## Tuesday, March 28, 2006

### Sick at home

The past weekend, we had a family reunion at my parents' place and I planned to go back to Bremen late Sunday or Monday morning. However, I had been quite tired the better part of last week (which at that point I had attributed to the late stages of finishing our paper on multipole vectors in the three year WMAP data and the visit by Guiseppe Policastro as we had not always finished discussing by 6 p.m.). Sunday evening, however it became appearant that indeed there were a number of red spots on my face and my Monday morning all over my body (for illustrations see here). The doctor confirmed my internet based diagnosis of rubella (German measels) and told me to stay at home for the time it lasts. Now, I am with my parents, they take care of me and I have fun reading papers and other things.

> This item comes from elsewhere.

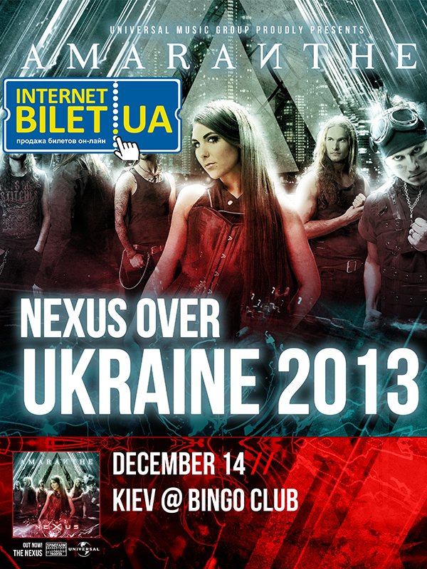 AMARANTHE состоится 29 ноября 2014, 19:00, суббота в Bingo. С помощью сервиса internet-bilet.ua, Вы сможете с легкостью забронировать, заказать и купить билеты на интересующий Вас концерт, спектакль, оперу, балет, мастер-классы, спортивные и детские мероприятия, оплатив их самым удобным для Вас способом: через интернет банковской картой VISA/MasterCard, наличными или курьером, если сделаете заказ билета c доставкой.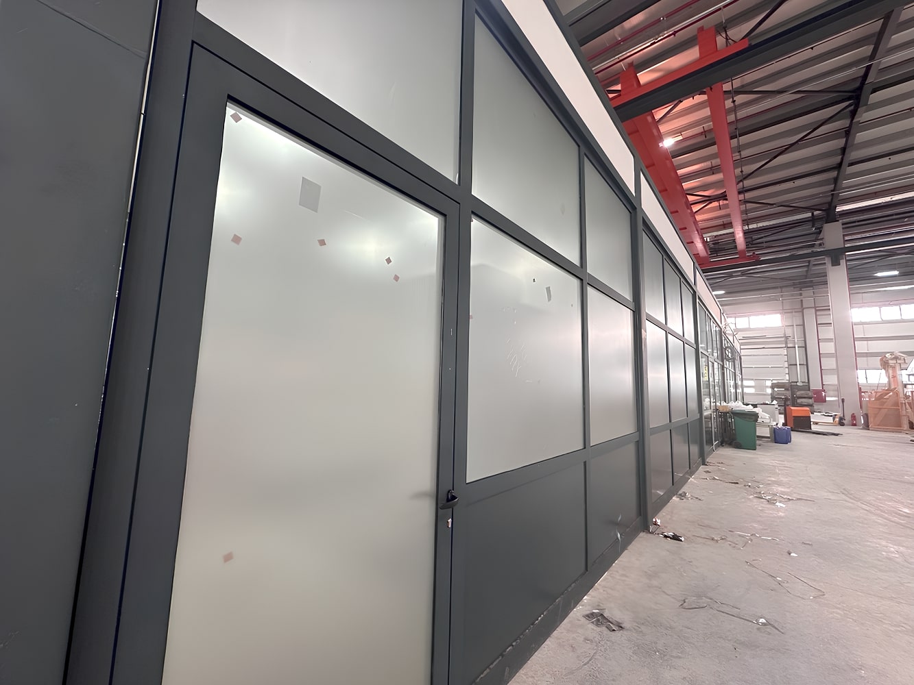 1.200 m² Isı Yalıtımlı Alüminyum Doğrama İmalatları: Kapılar, pencereler ve ofis ara bölümleri, enerji verimliliğini artırma ve estetik bir görünüm sunma amacıyla yüksek kaliteli alüminyum malzemelerle tasarlandı.

So, let me tell you about a few things I came across in case you also have some time to waste. Let's start with a poem by Thomas Gsella published in the weekly supplement to the Süddeutsche Zeitung (in German, I attempt no translation):

Berufsbeschreibung
Der Astrophysiker

Gewöhnliches ist nicht sein Ding.
Er aast im Unbekannten.
"Ereignishorizont" und "String",
das "Schwarze Loch", die "Quanten":

Er faselt Super-Quark und hört
dem "Hintergrund" sein "Rauschen".
Auf Partys steht er da und stört,
doch welche gibt's, die lauschen.

So ist ihm schnurz, ob wir's kapiern:
Er faselt guten Mutes.
Er will den Damen imponiern,
und ach, oh weh, er tut es!

Let me just add that from my experience this poem is rather unrealistic.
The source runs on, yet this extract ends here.